**Problem to solve:** Transcribe the data below verbatim from the line with "BRĄZ LAMILAT |" to the line with "함께 보이고 있다. |". Include both of those lines.

**Task data:**
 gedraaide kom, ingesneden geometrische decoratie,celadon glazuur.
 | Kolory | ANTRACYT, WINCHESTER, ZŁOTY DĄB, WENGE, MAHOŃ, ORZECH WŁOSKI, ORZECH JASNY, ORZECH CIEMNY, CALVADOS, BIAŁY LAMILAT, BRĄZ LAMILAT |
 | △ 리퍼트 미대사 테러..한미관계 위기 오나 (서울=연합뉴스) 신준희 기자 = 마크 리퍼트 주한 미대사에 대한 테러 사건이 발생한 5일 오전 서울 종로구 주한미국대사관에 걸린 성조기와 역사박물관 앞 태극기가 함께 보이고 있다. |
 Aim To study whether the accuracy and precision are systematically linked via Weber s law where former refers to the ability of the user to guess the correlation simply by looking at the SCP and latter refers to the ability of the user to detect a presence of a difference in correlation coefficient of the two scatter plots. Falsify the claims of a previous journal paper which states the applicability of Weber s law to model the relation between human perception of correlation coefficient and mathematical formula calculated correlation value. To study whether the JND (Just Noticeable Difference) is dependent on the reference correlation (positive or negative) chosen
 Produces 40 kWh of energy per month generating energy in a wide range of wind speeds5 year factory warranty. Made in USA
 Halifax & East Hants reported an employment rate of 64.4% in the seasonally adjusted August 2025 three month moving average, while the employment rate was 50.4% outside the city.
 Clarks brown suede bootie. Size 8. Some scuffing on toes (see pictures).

==

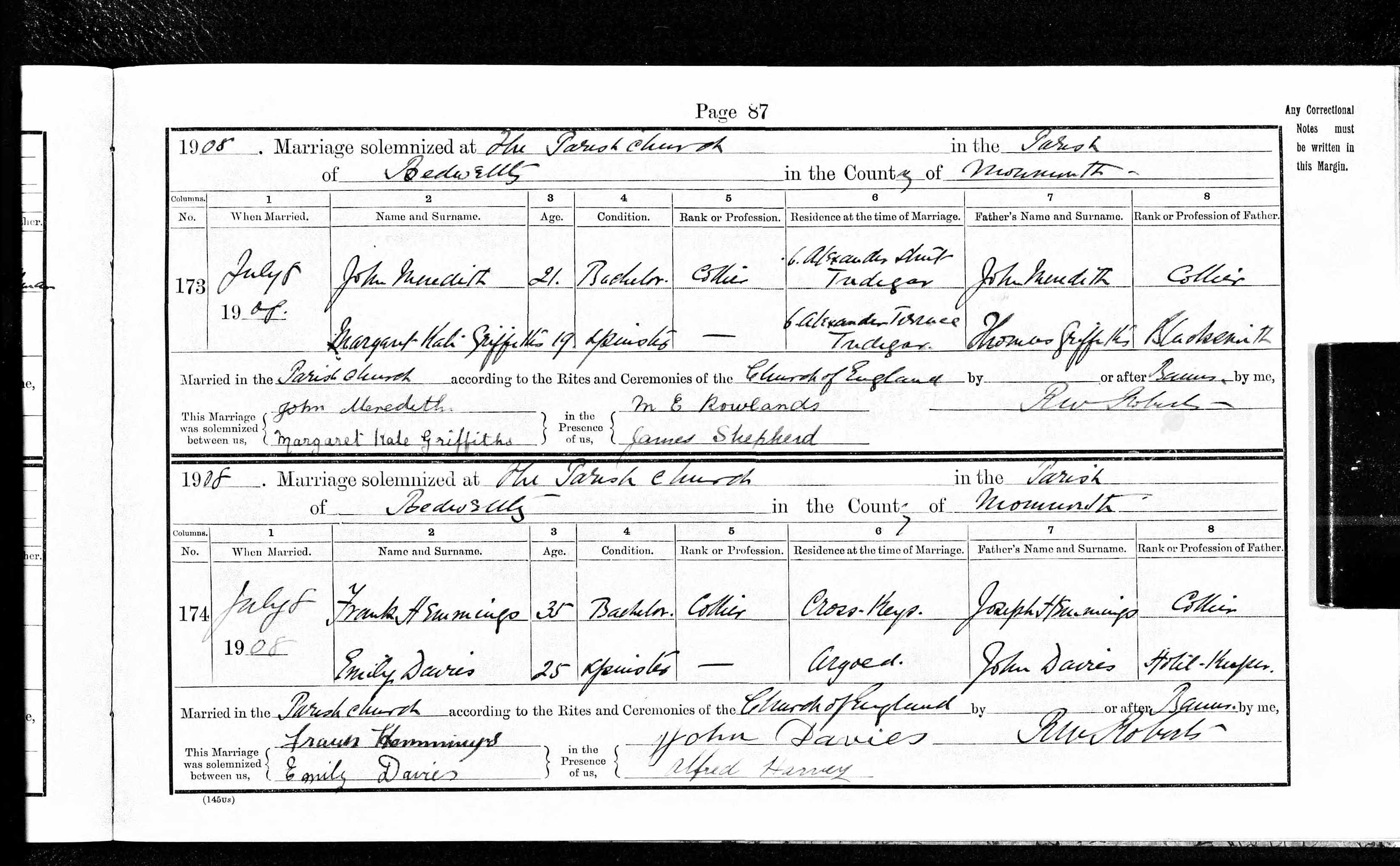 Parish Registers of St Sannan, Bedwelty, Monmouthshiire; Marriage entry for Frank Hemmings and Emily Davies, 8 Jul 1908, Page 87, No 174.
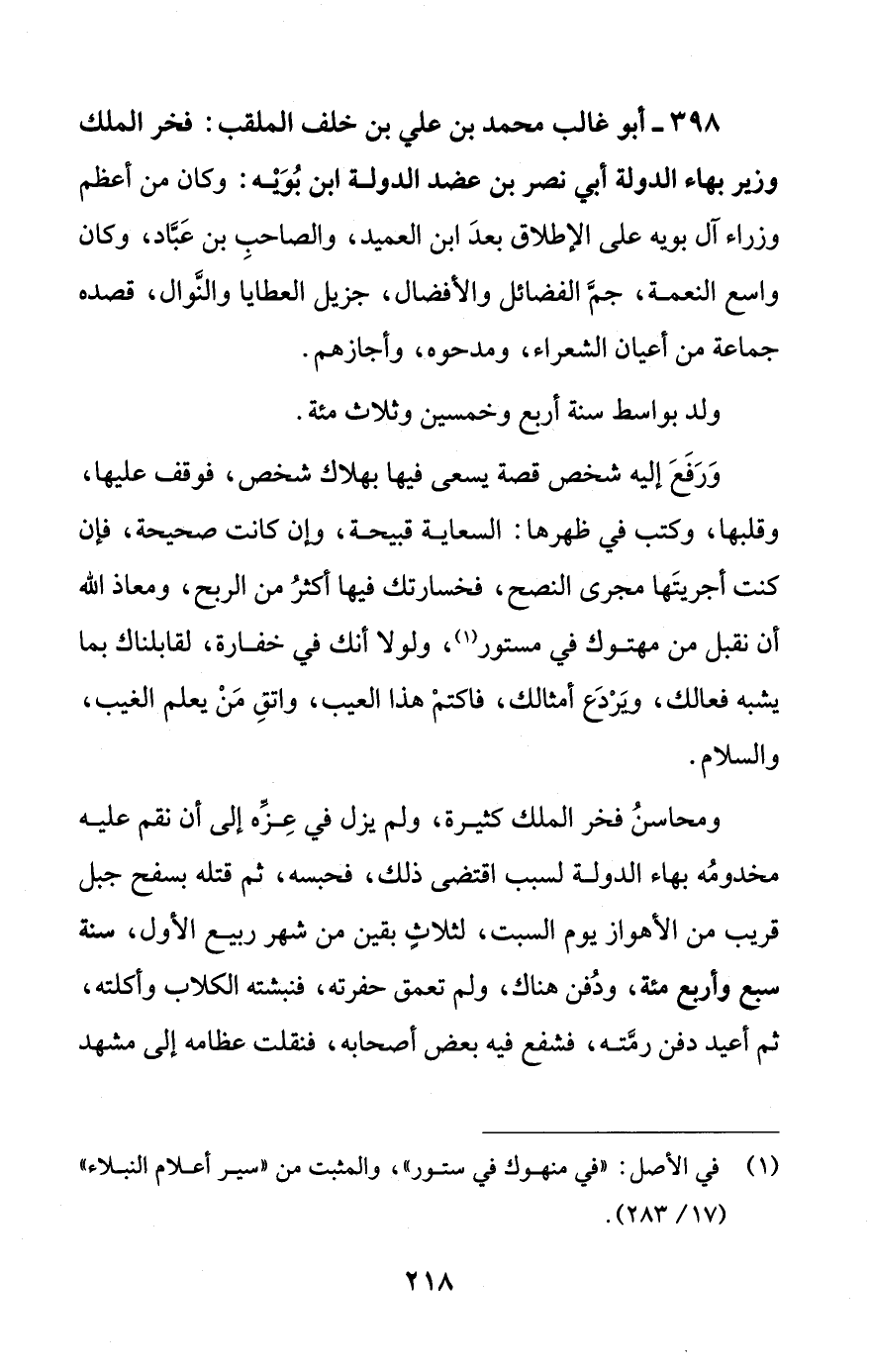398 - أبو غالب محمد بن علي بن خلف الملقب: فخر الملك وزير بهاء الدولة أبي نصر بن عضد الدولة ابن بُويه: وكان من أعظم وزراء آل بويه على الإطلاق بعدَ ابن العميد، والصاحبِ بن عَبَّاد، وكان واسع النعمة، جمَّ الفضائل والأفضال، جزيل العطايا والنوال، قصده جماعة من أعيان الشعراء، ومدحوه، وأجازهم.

**Finished task:**
 | Kolory | ANTRACYT, WINCHESTER, ZŁOTY DĄB, WENGE, MAHOŃ, ORZECH WŁOSKI, ORZECH JASNY, ORZECH CIEMNY, CALVADOS, BIAŁY LAMILAT, BRĄZ LAMILAT |
 | △ 리퍼트 미대사 테러..한미관계 위기 오나 (서울=연합뉴스) 신준희 기자 = 마크 리퍼트 주한 미대사에 대한 테러 사건이 발생한 5일 오전 서울 종로구 주한미국대사관에 걸린 성조기와 역사박물관 앞 태극기가 함께 보이고 있다. |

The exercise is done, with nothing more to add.